Volterra equations can litter all sorts of solutions, but for very dynamic systems, where victors have no time to rot on their laurels, a non-periodic solution, the old logistic equation, handy and simple, works satisfactorily. In the 400 cases examined to date, I never felt the necessity to go to more complicated frames, with the quality of statistical data available. I will use these equations in a normalized form, where a reference task is defined, always equal to one, even if it is a function of time. It is an essential choice. Systems, social ones included, seem to “think” in relative terms. Anyway, secular behavior comes out very sharp if we operate in such a way.

By choosing only one thing, tabula rasa is made of all the rest, implicitly dubbed as non-relevant. What I am aiming at is a self-consistent phenomenological description and reduction of a vast set of experimental observations, expressed in the form of statistics. “Explanation”, i.e., reduction to a pre-existing conceptual set, may come later if necessary. One of the pitfalls of current economic thinking as I grasp it from my friend economists, is that there is an explanation for everything, usually post hoc and untestable. Much like epitaphs. Which for a scientifically trained mind have a strong stink of cemetery.

The logistics I use will then have the form F(t) = 1/1+exp (at+b) where F is the fraction of the task or the reference set hidden into the 1 inside the bracket. This is the usual S-curve of the demographers and has obviously to be chopped somewhere to get rid of eternity. I found it useful to cut it at F=1% and F=99%, with the argument that 1% is well into the background noise of the statistics.

Just to keep things visualized one can derive it from the differential 1/F dF/dt = K(1-F) saying that relative growth is proportional to the room left for growing, which is the market share not yet taken in an economic system, or food concentration in a bottle culture of microorganisms.

When two competitors are present, the old one coming down from a dominant position and the new one picking up steam, they sum to one, so F2=1-F1 and the equation is the same for both except for the sign of a. If more competitors are present at the same time, and new ones keep pouring in, a typical case in a dynamic market, then the situation gets slightly more complicated, and finally we end in n-1 logistic equations plus a residual. The precise description of the manipulation and the software package to process statistical data is reported in Nakicenovic’s paper.

Furthermore, most of my graphs will actually use a transform of the logistic equation: log F/1-F = at+b, which has the advantage of showing up as a straight line.

When I started trafficking with these ideas in 1974, the first set of data I analyzed referred to US primary energy inputs. Just because it was sitting on my desk. I remember it was a Friday afternoon, and I skipped dinner fascinated by the straight lines emerging from the points I was plotting, and more than that from the very mixed up bag of statistical data.

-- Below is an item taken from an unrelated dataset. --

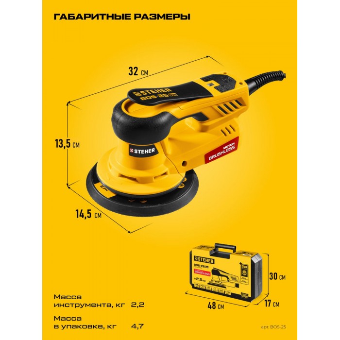- Система крепления шлифовальной бумаги Velcro для быстрой и простой замены листов
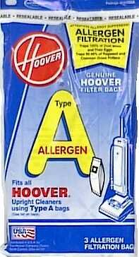 - Hoover Allergen Filtration Vacuum Bags, Type A, 1 Pack of 3

The first case I will analyze today is that of the world. Input data are shown in Fig. 1. They go back to 1860 and were carefully collected and sifted by R. Hildebrandt for a thesis he was preparing in 1975. The processed data are shown in Fig. 2 with the two parameter logistics fitted over them. The part of the figure without statistical data results from the above equations plus the hypothesis that nuclear, “born” in 1972 when it reached 1% of world primary energy inputs, is going to grow at the same rate as coal, oil, and gas before it, which may prove not so bad. And that some hypothetical solar or fusion source is going to pop up in the year 2000. A very round figure I chose not to discourage solar enthusiasts, which proved wrong when the analysis was brought one rung higher in abstraction, as we’ll see later.

The perfect matching between data and equations clearly expresses my joy when I first heard the click. As I said before, this quality matching was achieved in practically all of the around 400 cases of energy system, subsystems and parasystems analyzed to date.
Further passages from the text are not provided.